■ Exercise requirements
One exact copy of the listing, minus the images, is the required answer.

■ Available data
-*-*-

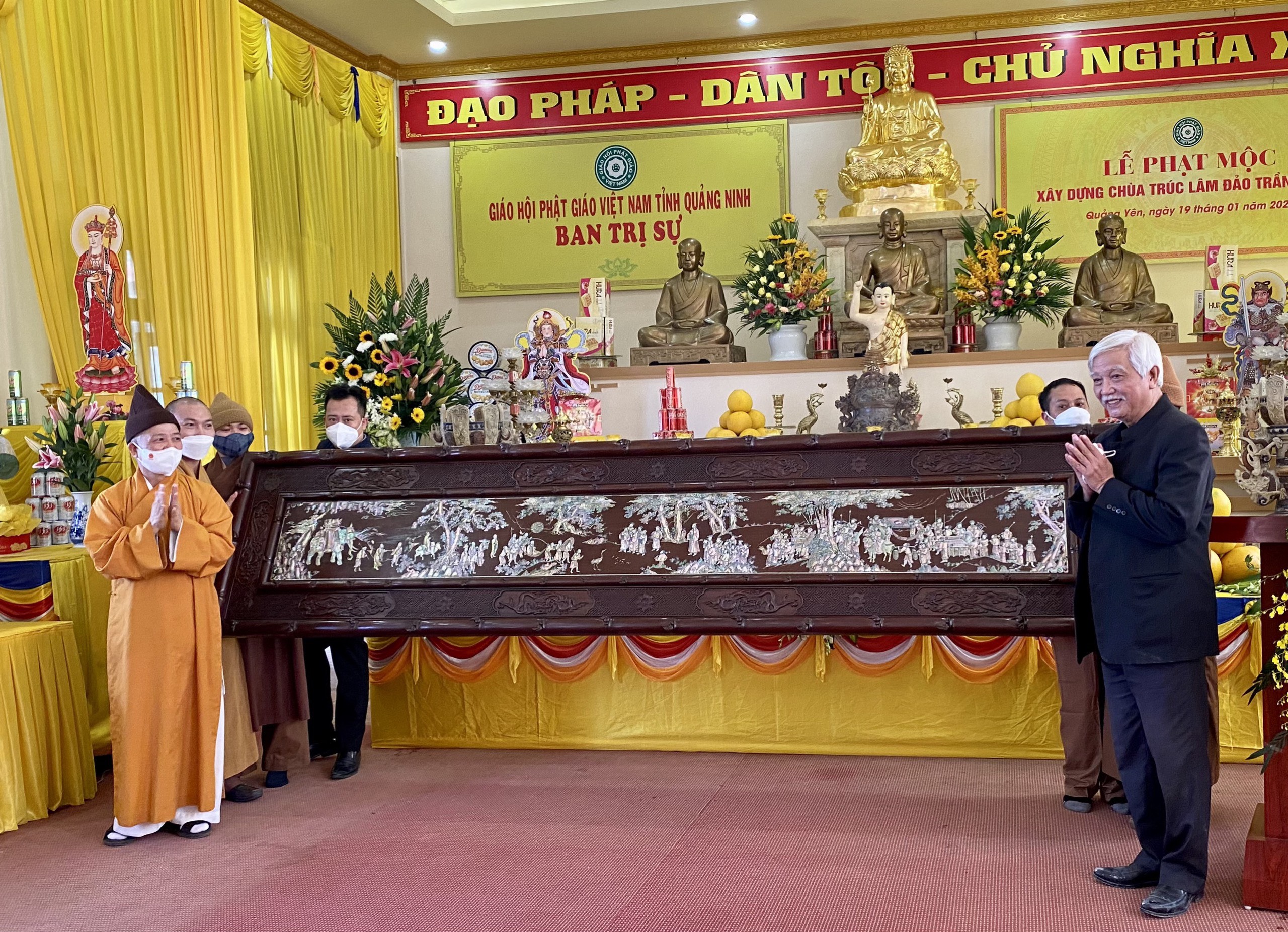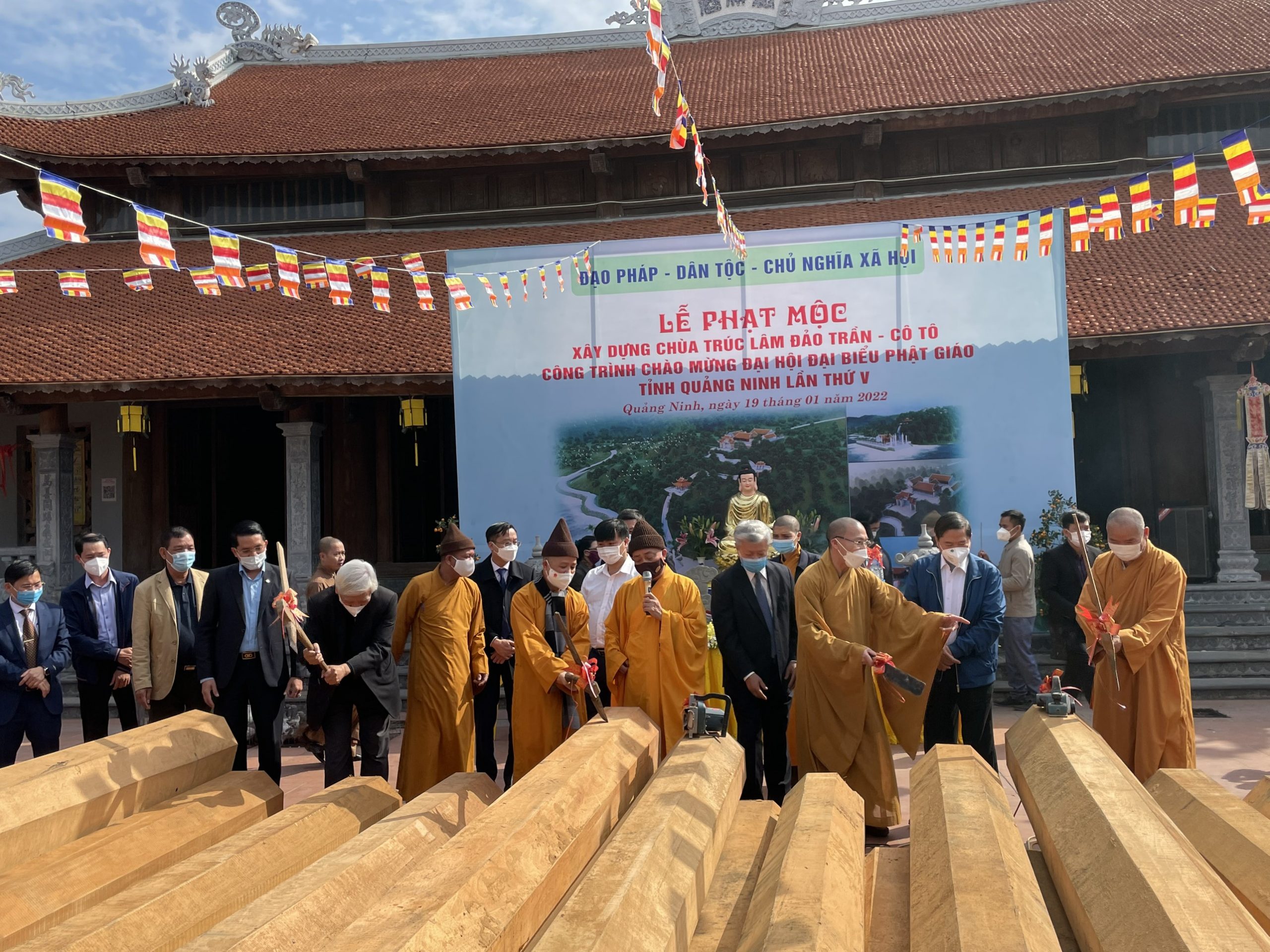 Cũng trong sáng nay, Hoà thượng Thích Thanh Quyết – Phó Chủ tịch Hội đồng Trị sự Trung ương, Trưởng ban Trị sự Phật giáo tỉnh Quảng Ninh cùng Chư tôn đức trong Ban Thường trực Phật giáo tỉnh, các vị đại diện Mặt trận, Dân Vận, Tôn giáo tỉnh và các nhà Khoa học, sử học cũng về tham dự buổi lễ Phạt Mộc chùa Trúc Lâm Đảo Trần.
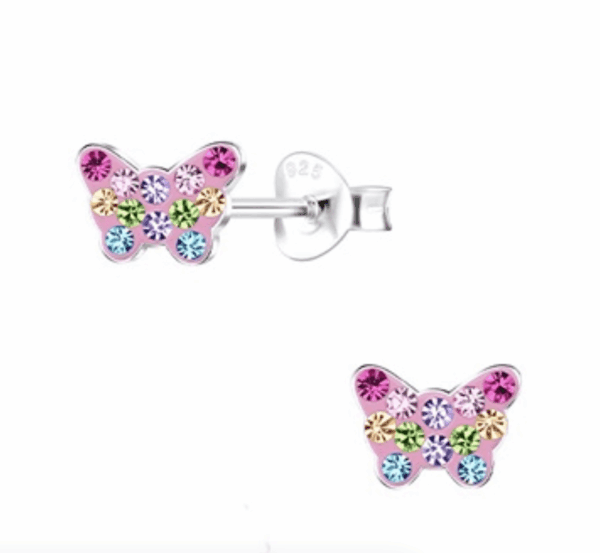 Детски сребърни обеци Пеперуди, тип винт – блестящи, цветни и безопасни
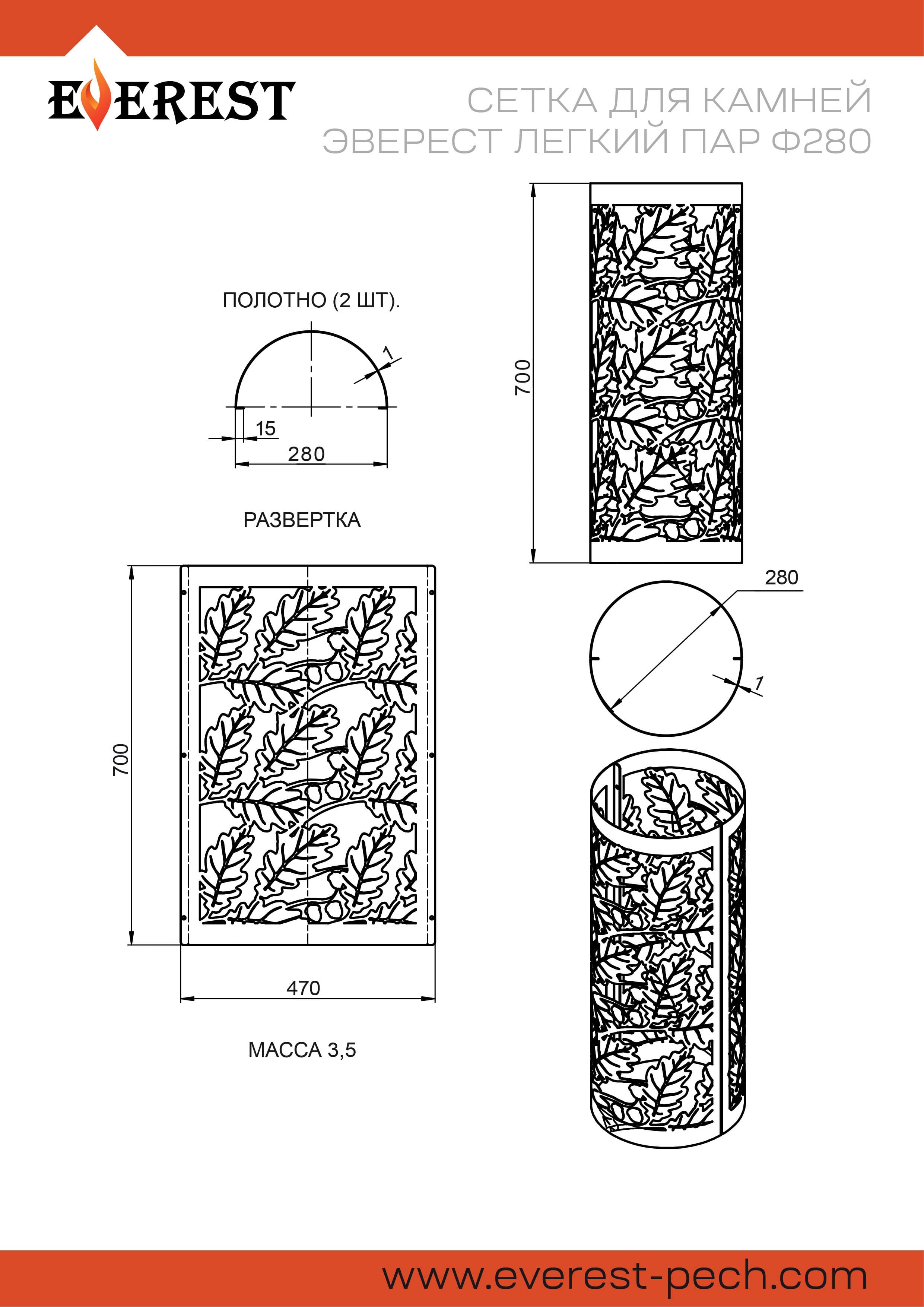 Сетка Эверест Легкий пар Ø 280 - для дополнительного размещения камней на трубе банной печи, эффективного и экономичного использования тепла банной печи.

-*-*-

■ Answer box
 Cũng trong sáng nay, Hoà thượng Thích Thanh Quyết – Phó Chủ tịch Hội đồng Trị sự Trung ương, Trưởng ban Trị sự Phật giáo tỉnh Quảng Ninh cùng Chư tôn đức trong Ban Thường trực Phật giáo tỉnh, các vị đại diện Mặt trận, Dân Vận, Tôn giáo tỉnh và các nhà Khoa học, sử học cũng về tham dự buổi lễ Phạt Mộc chùa Trúc Lâm Đảo Trần.
 Детски сребърни обеци Пеперуди, тип винт – блестящи, цветни и безопасни
 Сетка Эверест Легкий пар Ø 280 - для дополнительного размещения камней на трубе банной печи, эффективного и экономичного использования тепла банной печи.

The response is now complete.